Осознание случившегося события еще только входило в нее осторожно, еще только стучалось вежливо в голову и в сердце, а сидящая в ней радость уже и плясала и пела – и не просто пела, а орала пьяным и дурным голосом что-то невразумительное и счастливое, что-то абсолютно яростное и восторженное, что-то категорическое из ряда вон… У нее, у Тани Селиверстовой, будет ребенок! Ее, Тани Селиверстовой, родной сын! Или дочка – какая разница… Главное – будет! Да чего там будет – уже есть. И стало быть, она, Таня Селиверстова, опять всех кругом по счастью обошла, опять оно валится на нее подарком судьбы нечаянным. Хотя почему и нечаянным – чаянным конечно же! Очень даже чаянным. Она о таком и мечтать не смела…
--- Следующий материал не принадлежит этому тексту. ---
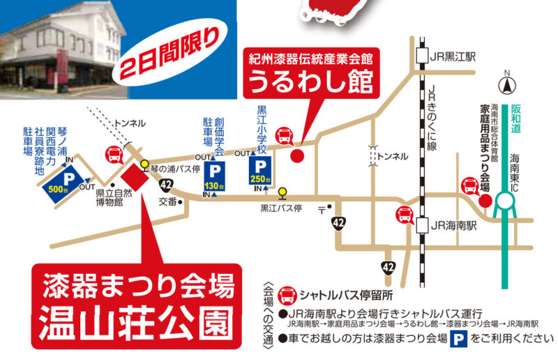 紀州漆器まつり2025のアクセスは、下記の通りです。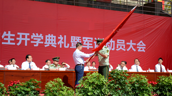 范新会为2018级学生军训团授予团旗,吕喆代表学生军训团接旗。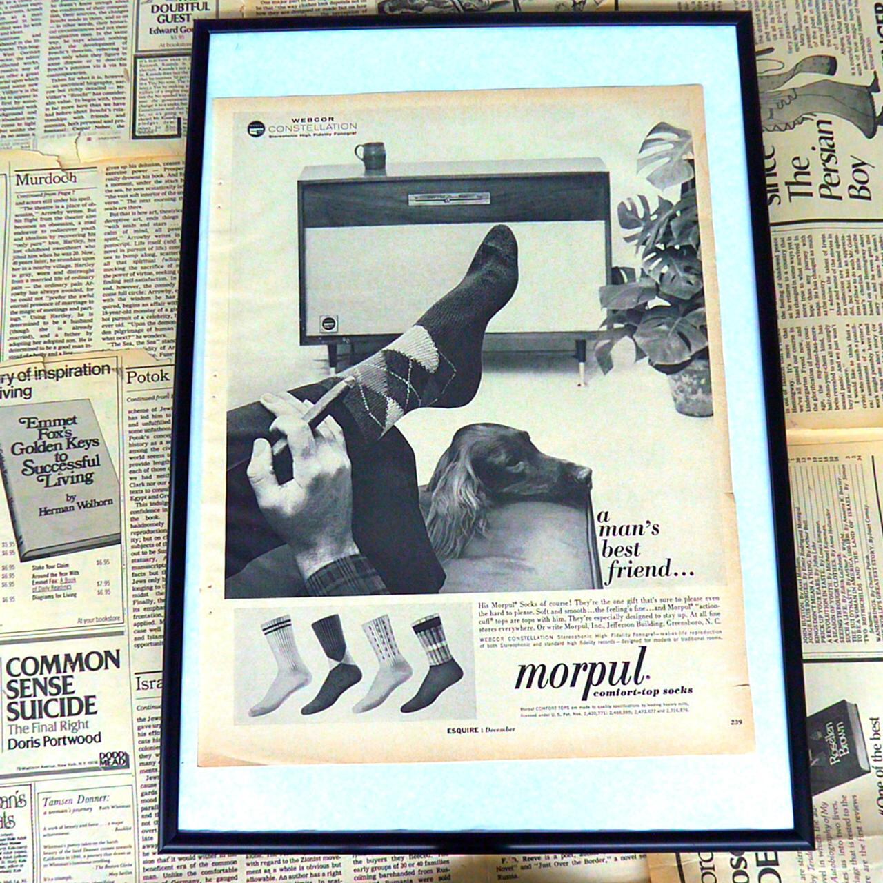 morpul(モープル)は、アメリカで展開されていた靴下メーカーで、特に快適性と品質にこだわった製品作りで知られていました。1950〜70年代の同社は、斬新なデザインや機能性に優れたソックスを次々と発表し、多くの男性から高い支持を集めていました。特に履き口部分の締め付けを抑えた“Comfort-top socks”シリーズは、長時間着用しても快適さが続く点が特徴です。広告にも見られるように、日常のくつろぎやビジネスシーンに似合うスタイリッシュなデザインが多く、時代を超えてヴィンテージファッションファンにも愛されています。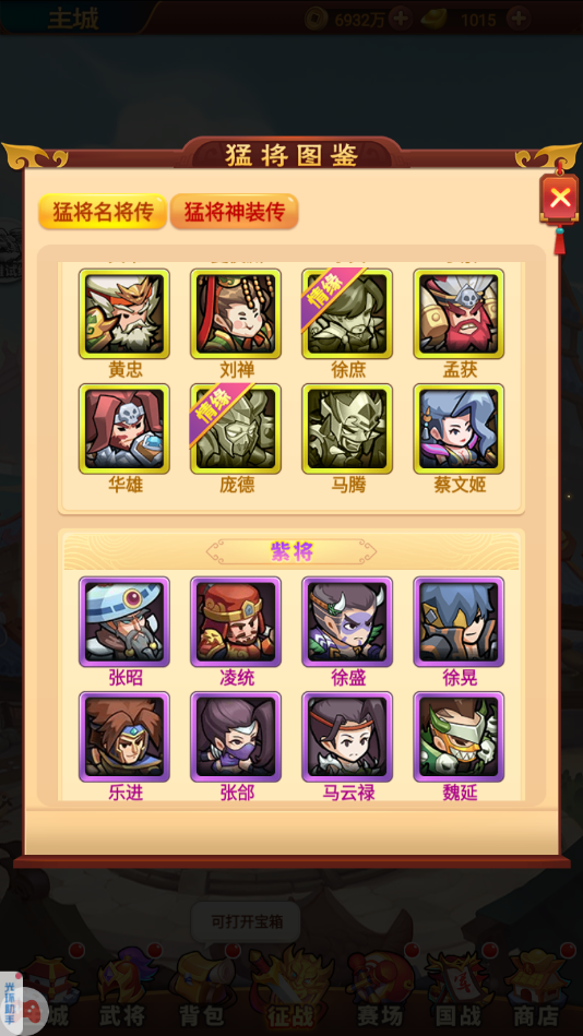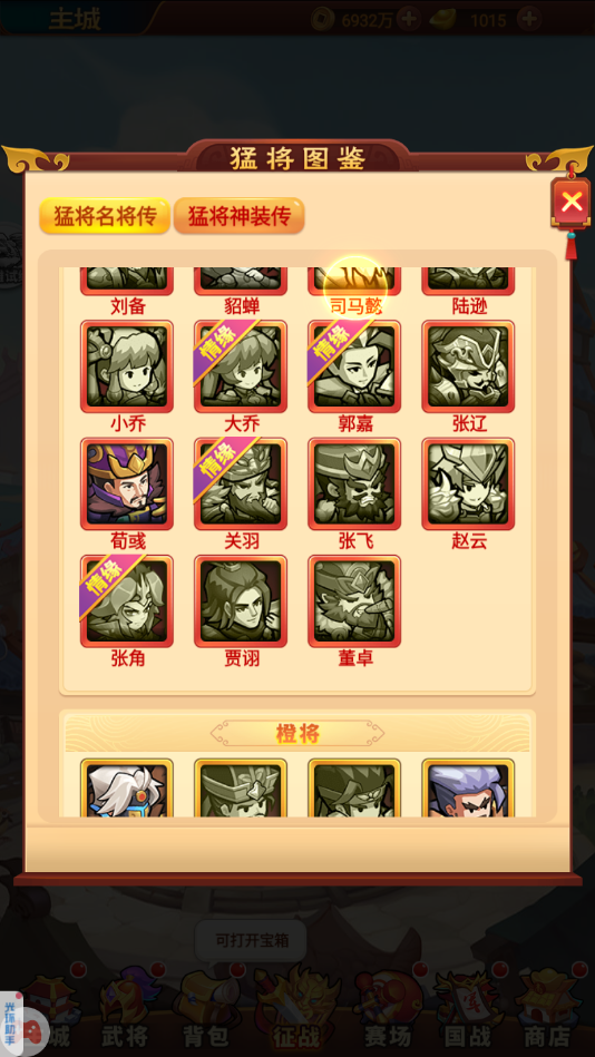 3、橙色武将:可招募的橙色武将为孙策鲁肃、甘宁、孙坚、夏侯惇、曹仁、许褚、甄姬、姜维、马超、黄月英、华佗、法正、汉献帝、袁绍、陈宫。

– Ну как ты тут, сердешная? – заглянула в ванную бабка Пелагея, склонилась над ней жалостливо. – Может, ромашки тебе заварить, а? Я думаю, ты грибами вчерась отравилась, Танюха. Говорила тебе – не ешь много. Шибко уж солонущи они, а ты трескаешь за обе щеки, только шум стоит…
– Глупая ты у меня, бабуль, хоть и зовут тебя Мудрая Пегги… – слабо задребезжала смешком ей в лицо Таня. – Забыла, что ль, какие бывают бабьи болезни, когда на соленое сильно тянет? Стара, значит, стала, раз забыла…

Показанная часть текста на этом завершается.